Responsibilities:
● Design, develop, and maintain scalable ETL/ELT pipelines to process structured and unstructured data.
● Manage and optimize databases, data warehouses, and data lakes (SQL/NoSQL, BigQuery, etc.).
● Ensure data quality, governance, and reliability through validation, monitoring, and automation.
● Optimize pipelines and queries for large datasets and high-volume transactions.
● Explore and analyze datasets using statistical methods to identify trends and insights.
● Build, validate, and fine-tune predictive and prescriptive machine learning models relevant to the business.
● Deploy models into production by integrating them with data pipelines and business applications.
● Communicate findings and recommendations through dashboards, visualizations, and reports.
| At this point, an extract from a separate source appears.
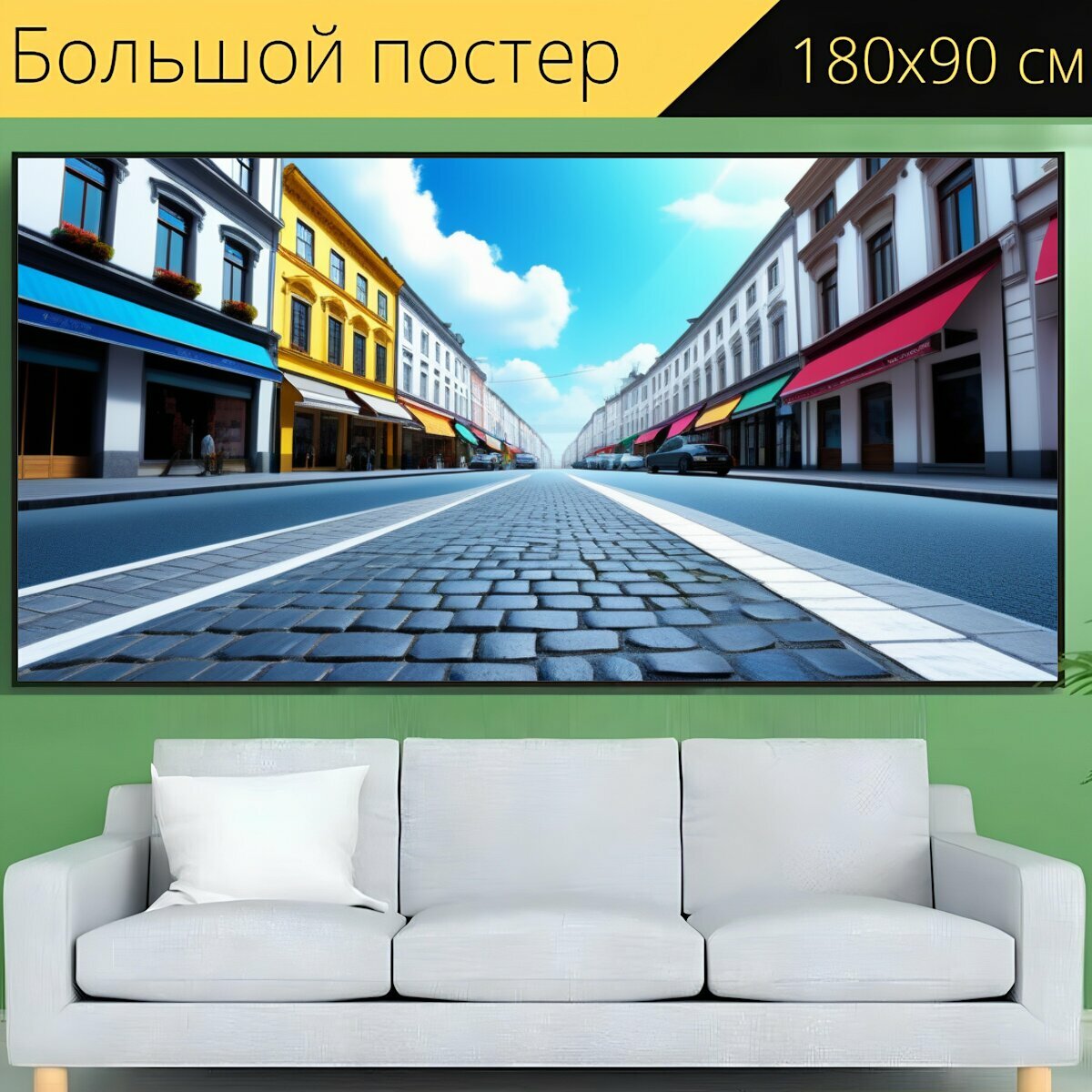 Большой постер "Пейзаж с перспективой улица красивый, " 180 x 90 см. для интерьера на стену информация:

● Set up, maintain, and monitor Google Cloud Platform services (BigQuery, Dataflow, Cloud Storage, Pub/Sub, Composer).
● Manage ETL workflows on GCP, ensuring reliability, scalability, and cost efficiency.
● Implement security, access control, and compliance in cloud-based data systems.
● Collaborate with cross-functional teams (business, sales, operations) to ensure data is actionable and accessible.
Requirements & Qualifications:
● Bachelor’s degree in Computer Science, Information Technology, or related field (or equivalent experience).
● Minimum 2+ years of experience in Data Engineering, especially in data modeling, warehousing, and distributed systems.
● Strong proficiency in Python (for data pipelines, ML).
● Strong knowledge of SQL and NoSQL databases (MySQL, PostgreSQL, MongoDB) and experience with ClickHouse is a plus.
● Familiarity with RESTful APIs (design, development, integration).
● Familiarity with machine learning frameworks (TensorFlow, scikit-learn, PyTorch).
● Hands-on expertise with Google Cloud Platform (BigQuery, Dataflow, Pub/Sub, Composer, Cloud Storage); experience in GCP infra setup is a strong plus.
● Proficient in Linux-based servers and deployment workflows.
● Skilled in Git/Bitbucket for version control and collaborative development.
● Experience implementing security best practices in both web applications and data infrastructure.
● Strong problem-solving, analytical, and collaboration skills.
● Experience with Zoho Deluge scripting is a plus.